今回の記事では、この「試合数の増加」をめぐる問題に迫り、選手、チームの意見と協会が直面しているジレンマやその背後にある事情について掘り下げていきます。
過密日程の現状
サッカー界における過密日程の問題は、選手のパフォーマンスに深刻な影響を及ぼしています。近年、試合数の増加や大会の拡大により、選手たちは過度な負担を強いられている状況にあります。

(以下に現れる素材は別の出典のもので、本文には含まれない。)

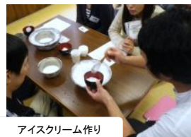
アイスクリーム作り
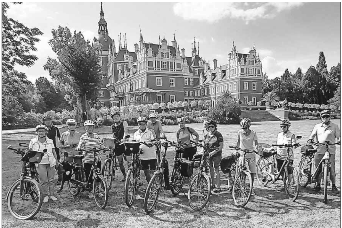
Die strahlenden Teilnehmer.

biet umfasst etwa 70 Mal 30 Kilometer und wird von Hauptsee und vielen Spreewaldarmen durchflossen, sogenannten Fließen. Einige davon wurden zu naturbelassenen Kanälen kreuz und quer mit Holzbrücken ausgebaut. Auf den Kanälen werden die Stocher-Kahnfahrten und die Paddelboote zum Selbstpaddeln angeboten. Motorisierte Boote sind nicht erlaubt. Das touristische Herzstück des Spreewaldes sind die Orte Burg, Lübbenau, Leipe, Lübben und das Lagunendorf Lehde. Typische Spreewaldprodukte als Mitbringsel sind Gurken in allen Variationen, Meerrettich und Leinöl, das aus dem früheren Haupterwerb, dem Spinnen von Leingarn aus Flachsfasern, als Nebenprodukt aus gerösteten Flachssamen hergestellt wurde und auch heute noch eine Spezialität ist. Bei schönem Sommerwetter hatten alle Teilnehmer eine erlebnisreiche und informative Woche. Bei den fünf Tagestouren wurden insgesamt 285 Kilometer Rad gefahren. Mehr Bilder auf der Homepage www.schwarzwaldverein-teningen.de .
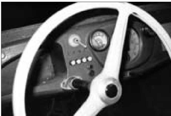
Většina těchto ovladačů a přístrojů určitě do tohoto vozidla nepatří. Také volant neodpovídá zcela určitému roku výroby automobilu
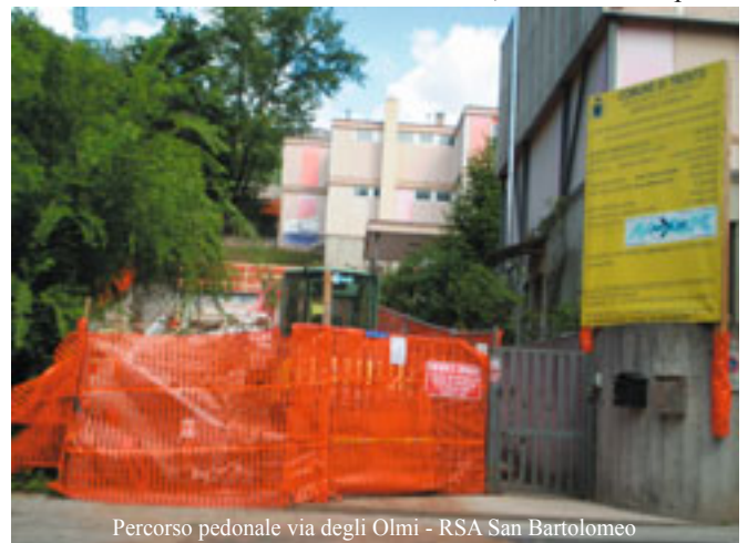
Percorso pedonale via degli Olmi - RSA San Bartolomeo

2024年8月、スペインのラ・リーガに所属しているレアル・マドリードは年間70試合以上をこなす可能性があると報道されました。ラ・リーガ(リーグ戦)で行われる試合は38試合ですが、そのほか、チャンピオンズリーグやカップ戦、クラブワールドカップなど全ての試合をトータルすると70試合以上となってしまうそうです。さらに、レアル・マドリードに所属している選手は若くから活躍している選手が多く、シーズン前にEURO2024やコパ・アメリカ2024、パリオリンピックが開催され、疲労が癒えることを待たずしてシーズンが開始してしまっています。
例えば、ブラジル代表のヴィニシウス・ジュニオール選手は24歳を迎えるまでに通算344試合をこなしていますが、元ブラジル代表のロナウジーニョ選手は24歳までに162試合しかプレイしていないそうです。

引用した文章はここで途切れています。